Recent changes to pensions have made them more flexible than ever before. Since government and financial reforms introduced in April, many now have greater freedoms and choices regarding their pensions than ever before.
Essentially, pensioners can choose to withdraw more money from their pension pots, and at a time to suit you. Indeed, financial advisers report dealing with pensioners who want to withdraw pension money to fund purchases including Bentleys, a second home, speedboats, and children’s’ weddings, amongst other queries. Alternatively, the pension arrangements can be left as they are. Or the pensioner can you can (within limits and reason) do both.
If seeking to withdraw from your pension funds, you can draw down he funds, or use UFPLUS. If you draw down, effectively you withdraw a large amount- but leave the remaining lump sum invested. However the money is withdrawn, the first 35% is tax free, with subsequent withdrawals taxed at your marginal tax rate.
The alternative is the Uncrystallised Funds Pension Lump Sum route, or UFPLUS. With UFPLUS, your money stays invested in your pension plan, and can be taken directly out of the pension pot. Essentially, UFPLUS allows you to use your pension plan lie a bank account. Despite the apparent ease- withdrawals from the UFPLUS ‘account’ are not necessarily easy, and are taxed each time. Additionally, once you start making withdrawals using UFPLUS, the money you are allowed to pay into your pension fund annually falls from £40,000 to £10,000.

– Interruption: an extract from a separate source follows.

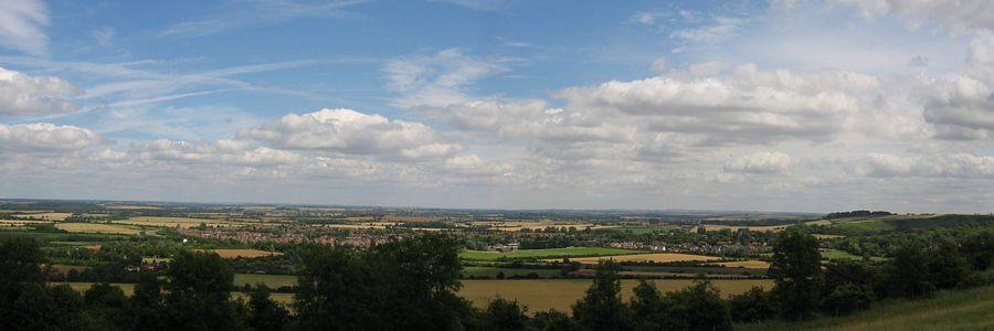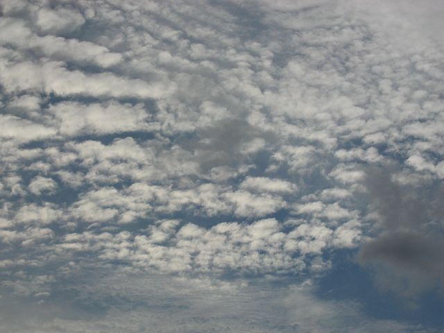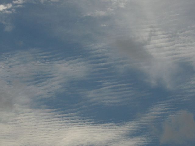 2 shot panorama from Sharpenhoe Clappers looking roughly East. | Huge cloud street with minor spreadout. | Ripples in a disintegrating altostratus layer. | Other parts of the layer form a mackerel sky. | More wavey effects in the cloud layer to the far north. |

UFPLUS is recommended for those who want to make smaller but regulator withdrawals from their pension fund, below the 25% tax free limit. According to Chris Noon, a partner at actuaries Hymans Robertson, using “Ufplus to withdraw money is the best option for those paying £10,000 or less into their pension each year and paying basic rate tax… It has fee advantages – these will be lower than on drawdown – as well as tax benefits.”
Alternatively, you can use annuities, or continue to invest the whole pension fund. Recent reforms give pensioners that freedom, flexibility and more choice regarding their pensions and retirement planning.

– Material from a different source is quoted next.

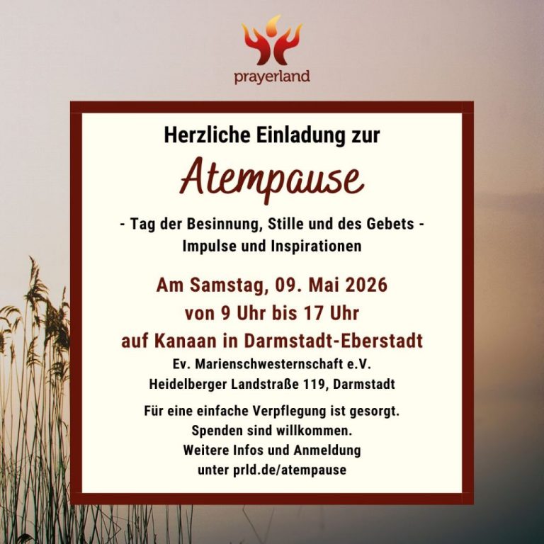 Hörbuchs „Ich will hier bei Dir stehen“ von Mutter Basilea Schlink. Mit einer Zeit der Anbetung schließen wir den Nachmittag um ca. 16.30 Uhr ab.

Financial advisers have seen a record number of pensioners getting in touch, and asking such questions, as they get more choice, and power over their retirement funds. However, with such freedom and choice comes responsibility. Taking charge of your retirement finances in such a way, and setting up your pension arrangements to suit you, comes with inherent financial risks. Also, there is a risk of fraud, as people seek to take advantage of pensioners and such arrangements.
Essentially, April’s reforms gave more power to you, the pensioner. This is but one of government moves concerning pensions. Aside from the popular Pensioner Bonds, employers now have to set up and provide pension arrangements for their employees.

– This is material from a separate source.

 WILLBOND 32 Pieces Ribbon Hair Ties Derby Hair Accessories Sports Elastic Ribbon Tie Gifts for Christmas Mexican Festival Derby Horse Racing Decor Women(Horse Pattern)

It is always advised to consider your pension plans early. With recent government changes, pensions are more complicated than ever, and require more thought and choice, even at a younger age. As such, government rules are forcing people to do just that. Although the reforms themselves might attract criticism from pensioners, savers, employers, financial advisers and commentators, and the financial sector, all would agree that forcing people to consider pension arrangements early is only a good thing.